Шило проникновенно заглянул в глаза Кутузову. Тот напрягся и ждал какого-то откровения. Надеялся и боялся, что ему сейчас что-то откроют про Люську.
— Сугубо между нами, — заговорщицки проговорил следователь. — По дороге из криминологического центра, после экспертизы, исчез ваш перочинный нож. Стажер из академии полиции вез его в папке вместе с заключением эксперта. Когда входил в электричку, кто-то у него вырвал папку и скрылся в толпе.
— Какое это для меня имеет значение?
— Идет служебное расследование — не был ли этот стажер с вами в сговоре. Возможно, он это сделал из корыстных побуждений, чтобы лишить следствие главного вещдока.
— Но ведь это ничего не меняет.
— Как сказать. Это будет зависеть от того, что вы еще изобретете до суда. Например, по законам США отсутствие главной улики, каковой является орудие убийства, ведет к пересмотру дела, которое может затянуться на годы или вообще рассыпаться. Правда, многое зависит от адвоката.
— Значит, дело может затянуться, а я буду здесь сидеть и до второго пришествия куковать?
— Мы не в Америке. Вас все равно осудят и дадут срок. Все дело в том — какой срок? Но психологически вы со своим адвокатом будете в выигрыше. В небольшом, но в выигрыше.
— Скажите, вы видели мою жену? Генка хотел сразу об этом спросить, но не представлялось возможности.
— Да, несколько раз с ней встречался, и она как свидетель твердо стоит на том, что вас спровоцировали. И очень кается, что не послушала вас. Говорит, что на нее нашло какое-то помутнение, сумасшедший миг, чего она и сама толком не может объяснить. По-моему, Кутузов, у вас прекрасная жена и верная подруга.
Генке хотелось крикнуть: верная подруга по ночам сидит дома! Но он тихо спросил:
— Какая статья, кроме преднамеренного убийства, может быть ко мне применена?
— Злостное хулиганство, но с натяжкой. Если бы Бычков не отдал Богу душу, так бы и было. И, если честно сказать, я не хотел бы, чтобы вы получили большой срок.

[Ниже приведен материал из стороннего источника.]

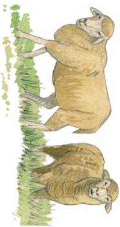
La oveja merina fue siempre una raza muy apreciada por su fina lana y su resistencia física.

Afortunadamente, es un trecho corto, que termina al alcanzar la pista de la ermita del Pando. Recuperado el aliento, la subida prosigue ahora de una forma mucho más relajada por esta pista que conduce a las inmediaciones del santuario. En este lugar, gira bruscamente a la izquierda dirigiendo nuestros pasos hacia la cuerda que separa los municipios de Pioro y Riaño. De este modo, cruzando una ladera de brezo blanco y escobas, sobre la que emergen poderosos bloques de conglomerado y hermosos robles solitarios, se alcanza el collado de Pando Viejo, donde la vista se pierde en contrapuestos horizontes: hacia el norte las quebradas sierras de la Cordillera, y hacia el sur los montes alomados y cada vez menos prominentes que preceden a la Meseta.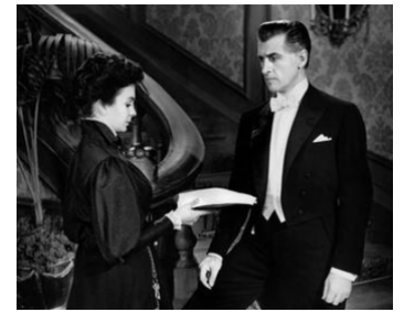
1955 DES PAS DANS LE BROUILLARD (Footsteps in the Fog) d'Arthur Lubin avec Jean Simmons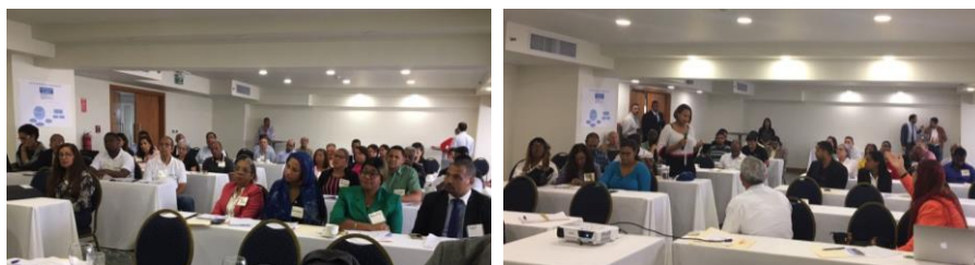
Imagen 2. Taller de nacional de evaluación del proceso de preparación para REDD+.

Como resultado del taller, se obtuvo que de manera general “hay avances, pero falta trabajo por hacer” en el proceso de preparación para REDD+ en el país. En la siguiente tabla se muestra el resumen de los resultados de la evaluación participativa por subcomponente:

Вы заслуживаете снисхождения хотя бы уже потому, что избавили общество от одного подонка. Разумеется, это не официальная точка зрения, а моя личная. За Бычковым тянется длинный хвост разбоев и недоказанное в суде убийство старой женщины. Он залез к ней в квартиру и, чтобы избавиться от свидетеля, задушил поясом от ее же халата. Но суд свершился — и это сделали вы, Кутузов.

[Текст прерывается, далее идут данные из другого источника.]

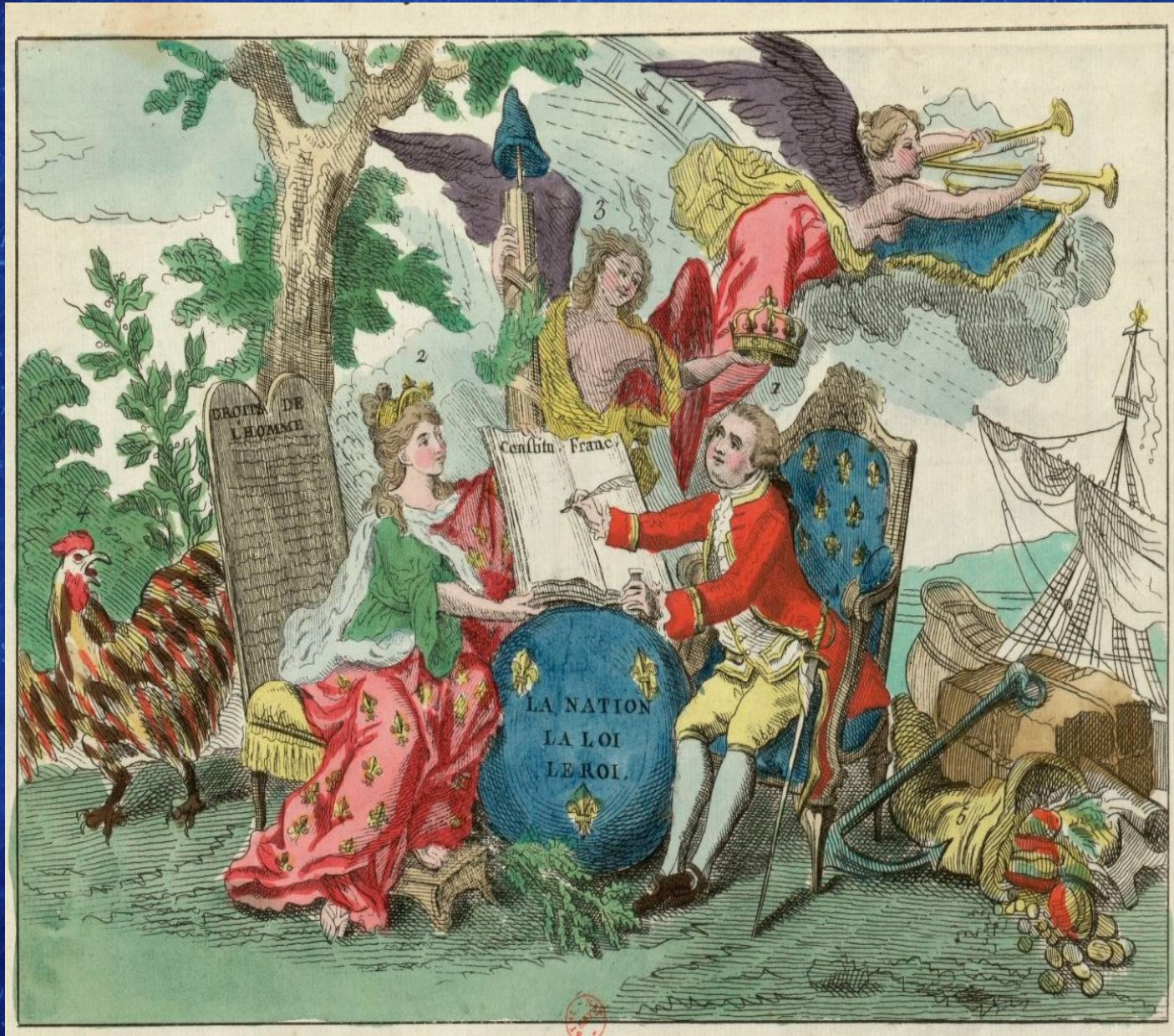
Louis XVI signe la Constitution... Estampe, eau-forte, graveur anonyme, 1791. Imprimé chez Jacques Simon Chereau l'Aîné, Aux Deux Colonnes, rue Saint Jacques n° 257, musée Carnavalet, Paris

— Спасибо, конечно, за моральную поддержку. Мне этот Бычков снится почти каждую ночь, и я бы его, представься такой случай, снова убил бы… Скажите, господин следователь, где приводятся в исполнение смертные приговоры?
Шило от неожиданности плюхнулся на стул.
— Да никак вы, Кутузов, очумели?! Об этом пока нет и речи.
— Дело не во мне. У нас в камере сидел парень, убивший своего напарника, и еще три трупа на него повесили. Два дня назад его увели без вещей, и мы думаем, что его уже казнили…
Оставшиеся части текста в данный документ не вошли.